EXERCISE DESCRIPTION:
For the material that follows, return exactly the lines from the one with "2021年10月29日,由体" through the one with "2014年5月9日,由县委、", both ends included.

ENTRIES SHOWN:

######

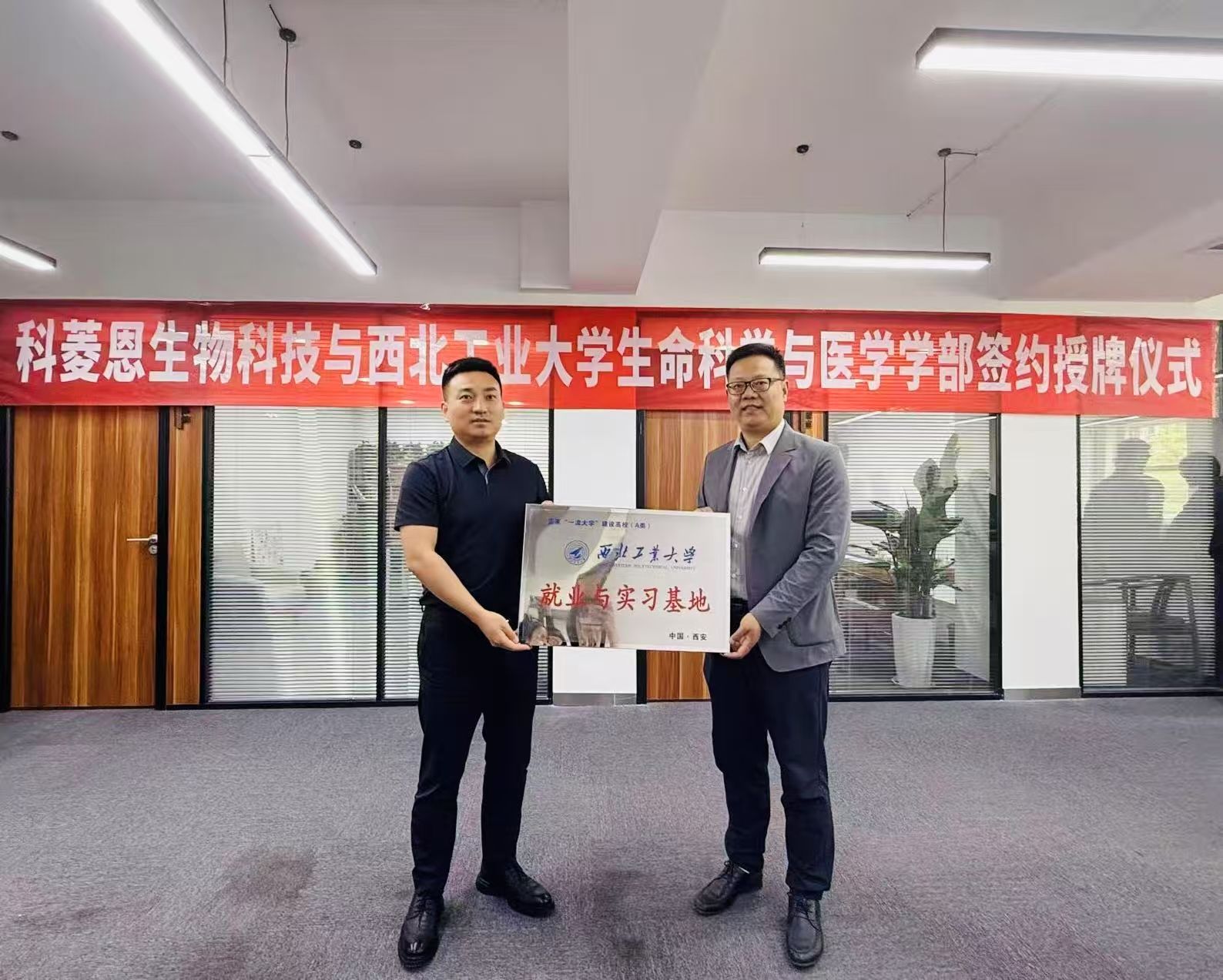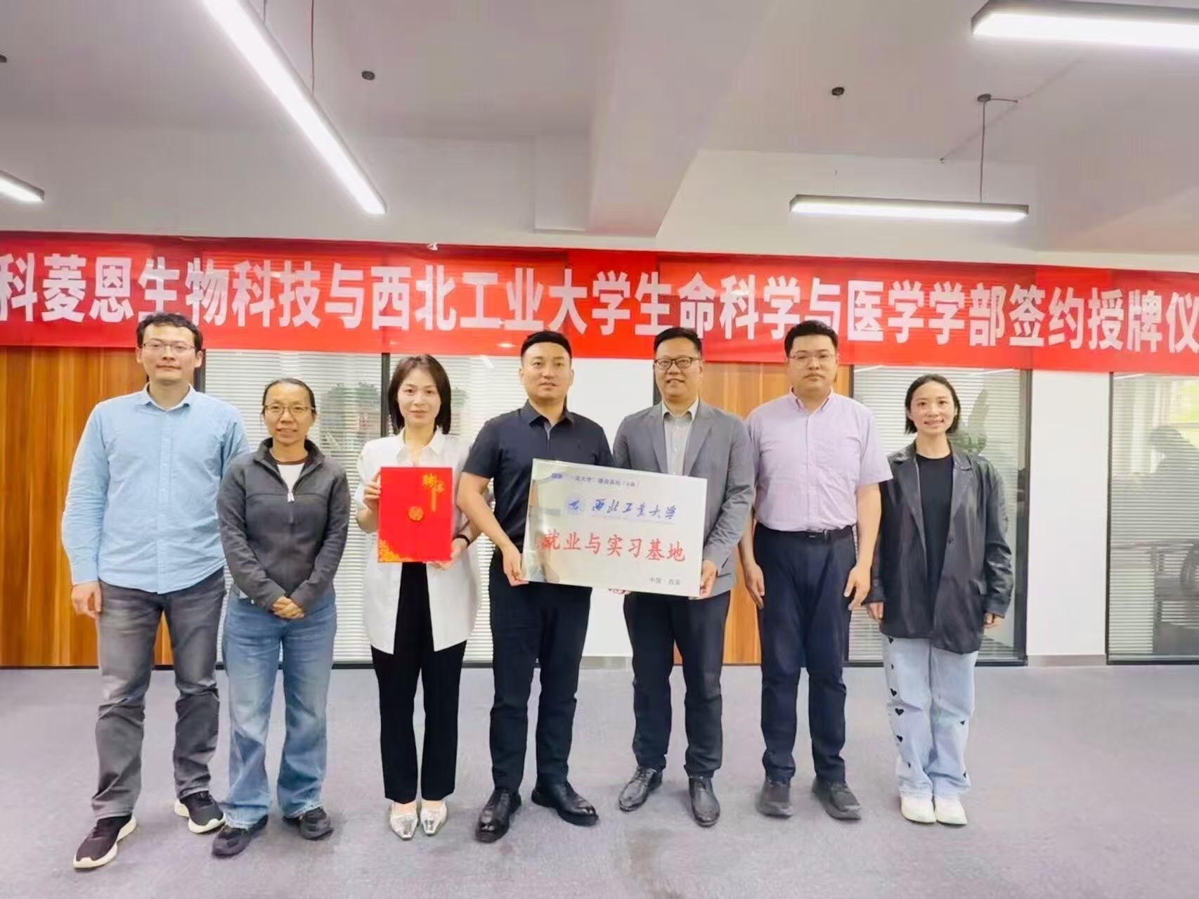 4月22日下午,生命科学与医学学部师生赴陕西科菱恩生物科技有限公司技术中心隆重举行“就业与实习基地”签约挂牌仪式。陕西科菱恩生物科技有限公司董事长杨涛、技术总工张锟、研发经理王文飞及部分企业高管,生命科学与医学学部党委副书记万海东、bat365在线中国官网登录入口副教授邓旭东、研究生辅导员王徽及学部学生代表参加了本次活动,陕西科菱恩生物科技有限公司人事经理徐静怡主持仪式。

######

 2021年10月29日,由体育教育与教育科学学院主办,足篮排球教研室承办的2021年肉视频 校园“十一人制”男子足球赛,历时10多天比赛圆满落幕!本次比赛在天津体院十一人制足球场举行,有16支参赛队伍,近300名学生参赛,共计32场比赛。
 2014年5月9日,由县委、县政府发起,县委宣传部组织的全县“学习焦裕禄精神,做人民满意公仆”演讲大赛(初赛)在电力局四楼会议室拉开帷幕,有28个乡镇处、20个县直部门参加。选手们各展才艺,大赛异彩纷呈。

######

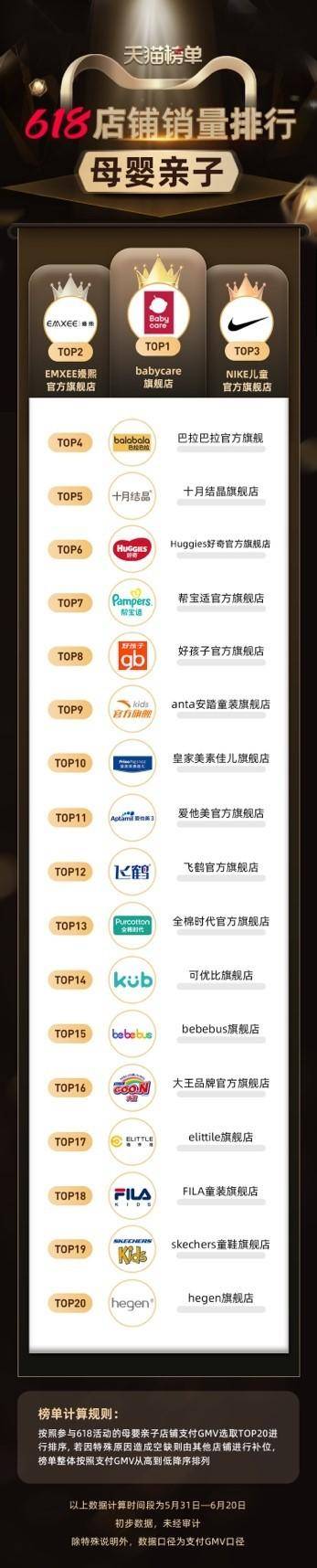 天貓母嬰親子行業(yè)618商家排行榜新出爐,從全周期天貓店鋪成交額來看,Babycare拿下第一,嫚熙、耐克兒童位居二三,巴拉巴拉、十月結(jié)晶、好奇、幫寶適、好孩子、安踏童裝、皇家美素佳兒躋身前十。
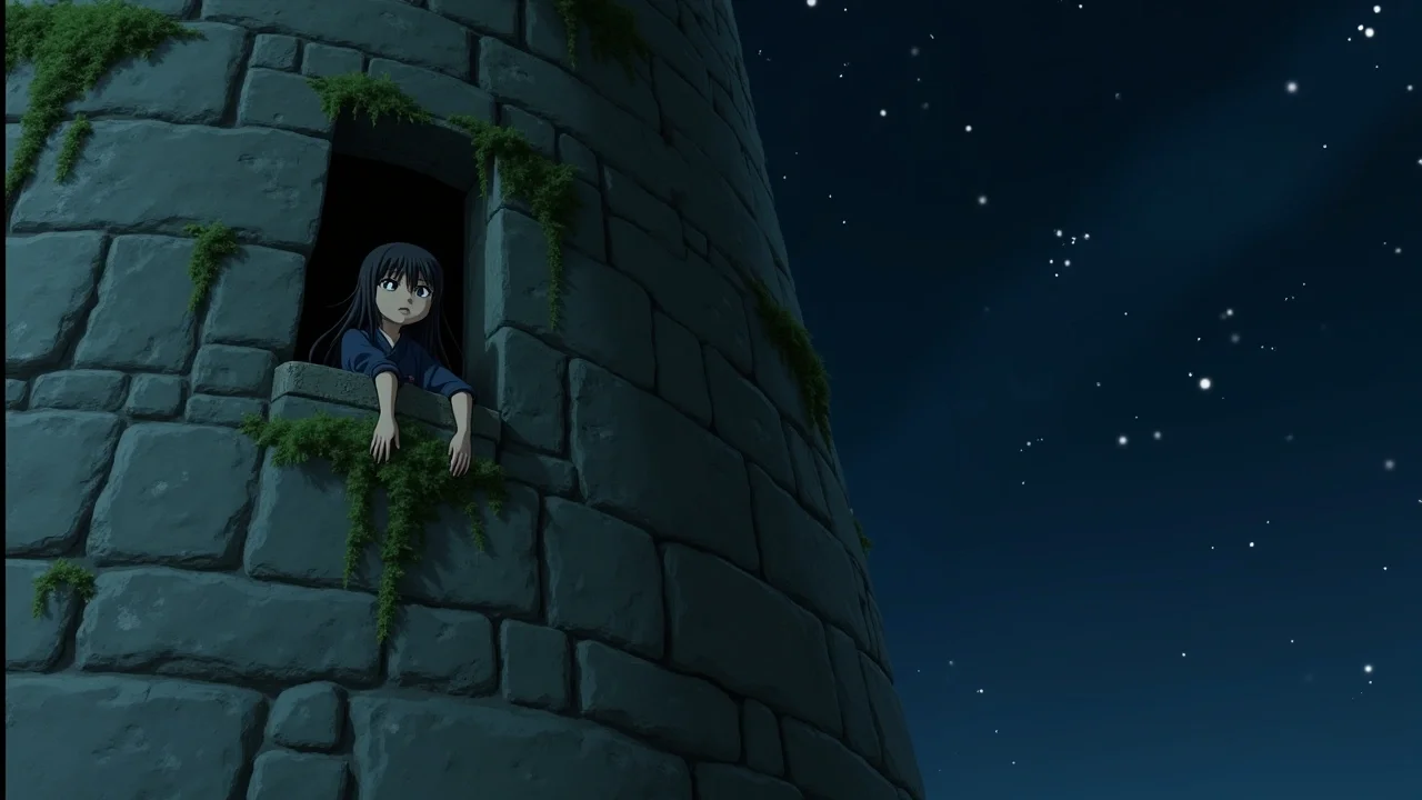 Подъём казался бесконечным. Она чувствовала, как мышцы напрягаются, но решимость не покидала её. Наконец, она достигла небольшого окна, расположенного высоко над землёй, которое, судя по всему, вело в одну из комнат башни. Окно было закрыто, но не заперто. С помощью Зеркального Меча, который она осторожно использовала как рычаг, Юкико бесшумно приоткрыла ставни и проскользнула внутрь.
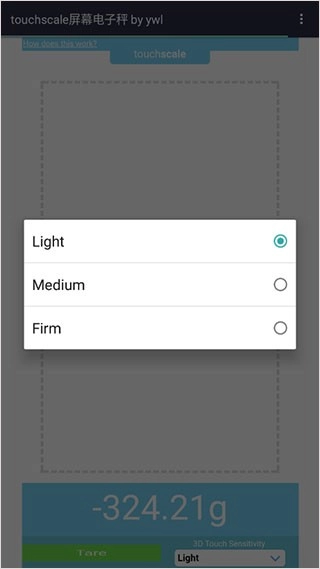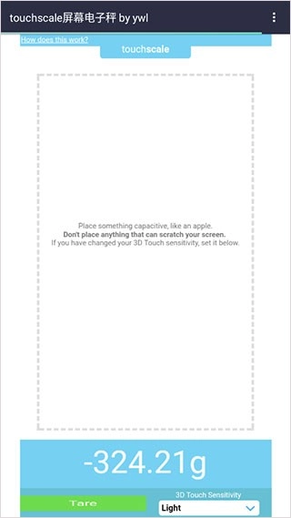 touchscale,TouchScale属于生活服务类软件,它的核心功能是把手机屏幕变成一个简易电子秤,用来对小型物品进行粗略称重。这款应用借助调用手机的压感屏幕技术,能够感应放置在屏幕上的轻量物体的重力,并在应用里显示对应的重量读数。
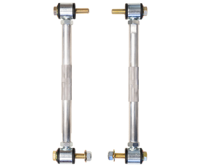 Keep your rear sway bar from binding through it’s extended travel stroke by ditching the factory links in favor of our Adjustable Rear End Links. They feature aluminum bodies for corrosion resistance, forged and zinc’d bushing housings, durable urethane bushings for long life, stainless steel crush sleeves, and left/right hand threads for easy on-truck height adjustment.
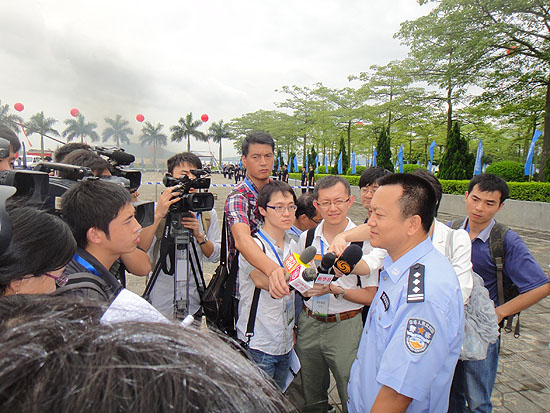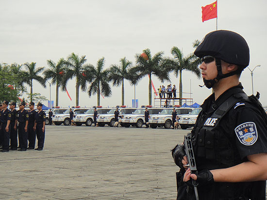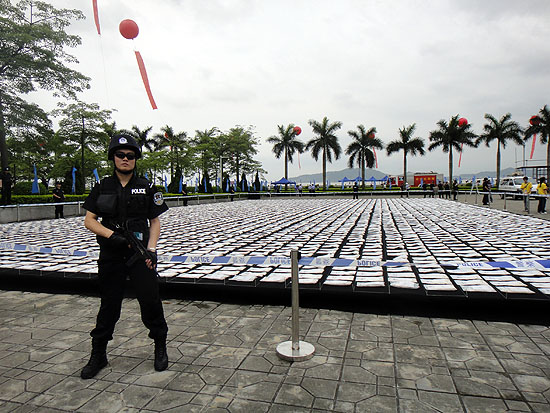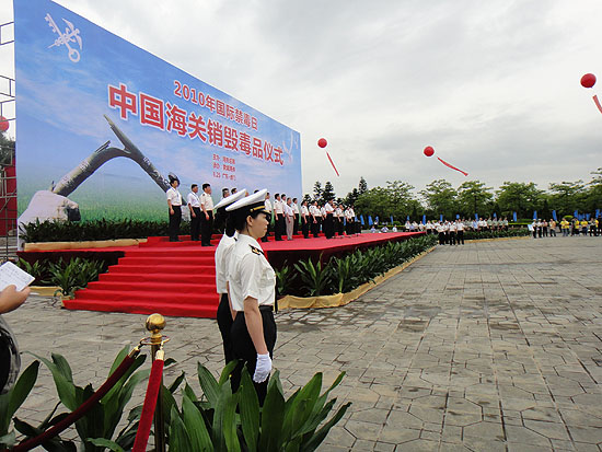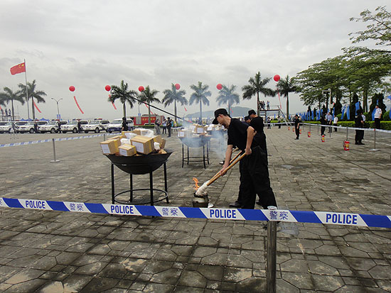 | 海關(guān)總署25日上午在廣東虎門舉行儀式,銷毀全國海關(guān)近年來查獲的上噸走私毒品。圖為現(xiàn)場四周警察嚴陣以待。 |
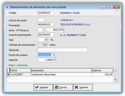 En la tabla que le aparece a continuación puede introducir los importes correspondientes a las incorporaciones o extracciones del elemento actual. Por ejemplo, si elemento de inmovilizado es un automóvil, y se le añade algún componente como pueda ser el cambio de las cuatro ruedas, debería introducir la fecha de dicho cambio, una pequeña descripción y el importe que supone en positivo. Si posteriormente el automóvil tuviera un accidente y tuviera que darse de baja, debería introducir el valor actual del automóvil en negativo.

######

SOLUTION TO THE EXERCISE:
 2021年10月29日,由体育教育与教育科学学院主办,足篮排球教研室承办的2021年肉视频 校园“十一人制”男子足球赛,历时10多天比赛圆满落幕!本次比赛在天津体院十一人制足球场举行,有16支参赛队伍,近300名学生参赛,共计32场比赛。
 2014年5月9日,由县委、县政府发起,县委宣传部组织的全县“学习焦裕禄精神,做人民满意公仆”演讲大赛(初赛)在电力局四楼会议室拉开帷幕,有28个乡镇处、20个县直部门参加。选手们各展才艺,大赛异彩纷呈。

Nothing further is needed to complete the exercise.